Her face was rigid, her eyes glassy, and her expression vacant, either from a sedative or the effects of the shock she had suffered.
“Karoline!” Professor Rudolf squeezed past Pia. “Why won’t anyone answer the phone?”
“Mama is dead,” the woman said tonelessly. “Someone shot her … through the kitchen window.”
* * *
“How did he react?” Bodenstein wanted to know twenty minutes later. He apologized for the delay by explaining that he’d first had to drop off his little daughter at home.
“He totally collapsed.” Pia was still shaken by the intensity with which the professor had reacted to the horrible news.
“Did he see his wife’s body?”
“We couldn’t prevent it.” Pia shivered in the cold. “He shoved right past us and went in the kitchen. It took four men to tear him away from her body. At least his daughter was able to stop him from locking himself in his office and doing harm to himself out of sheer despair.”
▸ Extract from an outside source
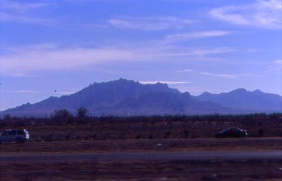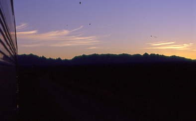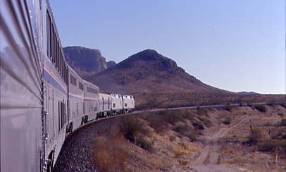 12/17/2005 We took over an hour to get into Tucson and finally departed there at 4:00 AM {2:20 AM} then it took another hour to escape from Tucson. I awoke at 6:45 AM finding us climbing the Dragoon Mountains and went to the dining car for breakfast, seated with Alan and Jennifer going to Houston, and Peggy heading to New Orleans then on to Florida. We stopped at Milepost 1041, formerly Sybil, while I enjoyed French Toast and sausage. Alan and Jennifer told us about evacuating Houston and coming home, only to find an old oak tree had been blown onto their roof.

They were standing in the street by the evidence team’s VW van as the snow began to come down even harder. The corpse had been taken away, and the crime-scene cleaners had shown up and were working in the kitchen. The ambulances and the medical examiner drove off. A few curious neighbors had gathered on the sidewalk underneath a streetlamp, watching as the daughter left the house and got in the Porsche with the Frankfurt plates. On the advice of the psychologist, she had not permitted Pia to speak with thirteen-year-old Greta, who had witnessed her grandmother’s murder. Pia had accepted that. It seemed unlikely the girl could have seen much, or at least nothing that would be helpful.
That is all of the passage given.